====== SOURCE DATA ======
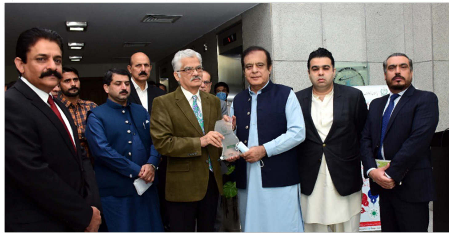
ISLAMABAD: Senator Shibli Faraz, Federal Minister for Information visited PEMRA Headquarters today. Muhammad Saleem Baig, Chairman, briefed about Authority's working. Senior officers of Ministry & PEMRA were also present. — DNA

RAWALPINDI: The child labour department launched a crackdown against child labour working in brick-kilns in different areas of the district on Wednesday. According to an official, the constituted teams conducted crackdown at 21 brick-kilns but no child was found working there. The owners of mills, factories, brick kilns, shops and workshops are directed to avoid it, otherwise department would take prompt action if child labour was found anywhere in the district including shops, workshops and markets, official said. He said child labour has been prohibited strictly under the law in Pakistan.8 — APP
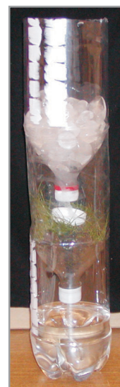
The water cycle in a bottle. You just need three pop bottles, some string, masking tape, potting soil, seeds and ice. Then just add water!
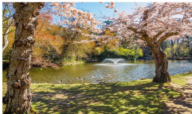
Beacon Hill Park in springtime
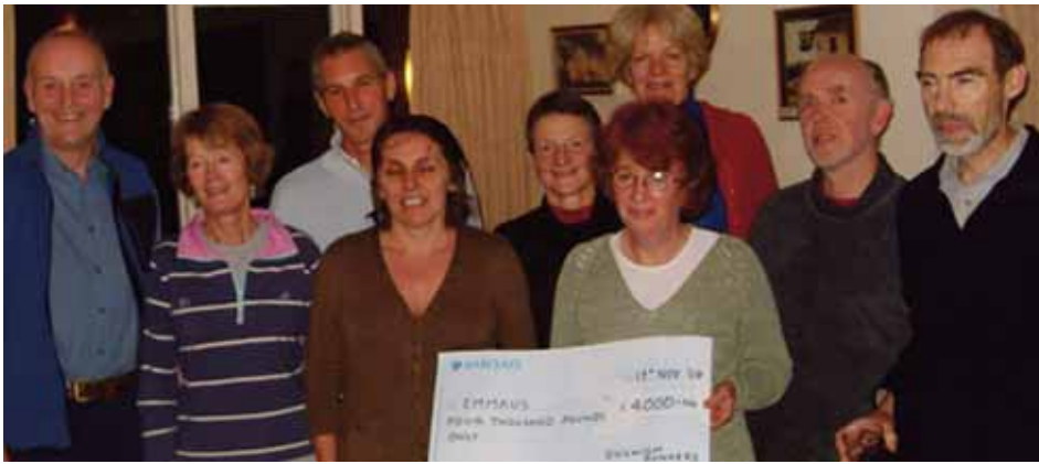
Grand gesture: Dulwich Runners present a cheque for £4,000 to Emmaus South Lambeth
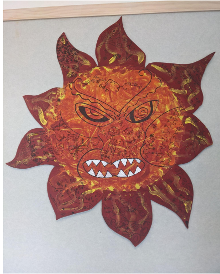
Te rā i te rangi - Rm 2
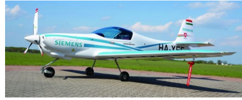
Fig. 3. Siemens Magnus eFusion (Magnus,2017)

Second aircraft is the Siemens Magnus eFusion (fig.3.) two seater light sport aircraft. It uses a 60kW Siemens electric propulsion system. Its empty weight 450 kg and maximum take-off weight is 600kg. The endurance is about 15'.
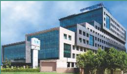
Actual Site Picture

Keeping in sync with its tradition of bringing brilliantly executed designs and construction, for many years Suncity has been delighting your senses with perfectly accented styling in all its buildings. The most recent examples of these can be seen in two of their meticulously planned business units- TIME TOWER & SUNCITY BUSINESS TOWER.
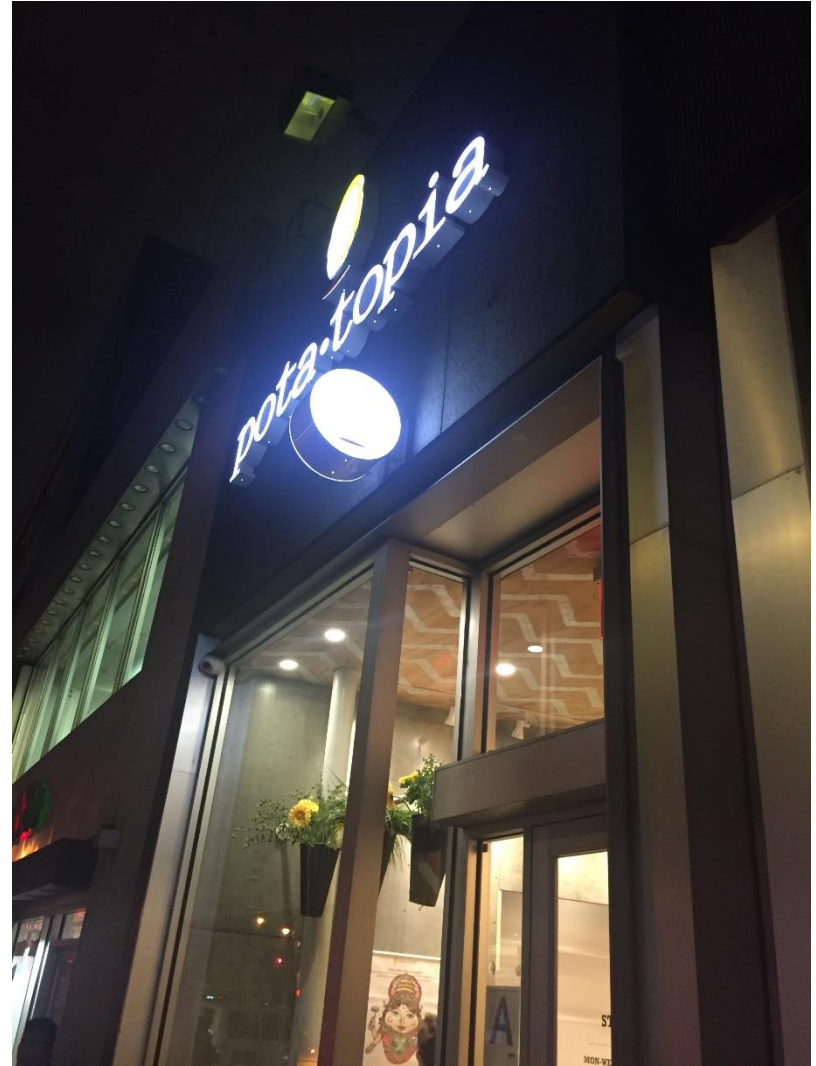
378 Sixth Avenue, Manhattan. Present Day. Day and Night Views.
======
* **GOAL OF THE EXERCISE**:
Find the line with "Actual Site Picture" in the listing and extract it and all lines after it through the end, exactly, without the pictures.

* **REPLY TO THE EXERCISE**:
Actual Site Picture

Keeping in sync with its tradition of bringing brilliantly executed designs and construction, for many years Suncity has been delighting your senses with perfectly accented styling in all its buildings. The most recent examples of these can be seen in two of their meticulously planned business units- TIME TOWER & SUNCITY BUSINESS TOWER.
378 Sixth Avenue, Manhattan. Present Day. Day and Night Views.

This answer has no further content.